Ja, und auch Jean-Jacques Beineix will hier wirklich alles! Und nachdem der ursprünglich zwei Stunden lange Film bereits erfolgreich im Kino lief, blähte er das Ganze noch einmal um eine weitere Stunde zu seinem integralen Directors Cut auf und brachte BETTY BLUE so einige Jahre später erneut in Frankreich auf die große Leinwand. Und auch bei dieser für einen Liebesfilm, der sich im wesentlichen nur um seine zwei Hauptdarsteller dreht, unglaublichen Überlänge, kommt in BETTY BLUE so schnell keine Langeweile auf. Denn Beineix brennt hier ein nicht enden wollendes Feuerwerk an knalligen Bildern und bizarren Ideen ab, dass es pausenlos nur so kracht!

Aber manchmal ist etwas weniger doch ein wenig mehr!

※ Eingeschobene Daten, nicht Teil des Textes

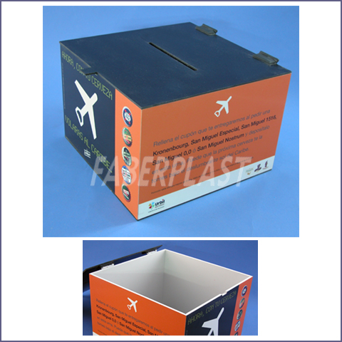 Urna Votación-Sorteos KRONENBOURG, realizada en PVC Blanco y decorada en impresión digital.
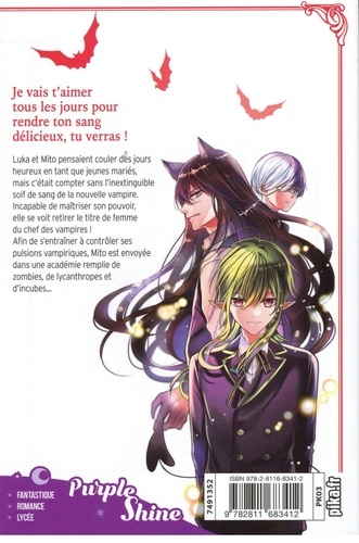 Je vais t'aimer tous les jours pour rendre ton sang délicieux, tu verras ! Luka et Mito pensaient couler des jours heureux en tant que jeunes mariés, mais c'était compter sans l'inextinguible soif de sang de la nouvelle vampire. Incapable de maîtriser son pouvoir, elle se voit retirer le titre de femme du chef des vampires ! Afin de s'entraîner à contrôler ses pulsions vampiriques, Mito est envoyée dans une académie remplie de zombies, de lycanthropes et d'incubes...

Denn wenn eine Skurrilität auf die andere folgt und jede Hysterie nur zu einer noch größeren Hysterie führt, dann kann das zwischenzeitlich auch irgendwann mal so richtig nerven! Vielleicht hätte sich Beineix doch etwas mehr an DIVA orientieren sollen. Denn dieser Film verzaubert auch noch heute durch seine unglaublich gekonnt austarierten Gegensätzlichkeiten. DIVA war zugleich sehr laut und auch sehr leise, unglaublich grell und doch subtil. Aber so, wie die überdrehte BETTY niemals zur Ruhe kommt, so leidet auch dieser wunderschöne Film teilweise an seiner niemals nachlassen wollenden Grelligkeit. Oder wie es ein Kommissar über BETTY sagt: "Hübsches Ding … vielleicht ein bisschen nervös!"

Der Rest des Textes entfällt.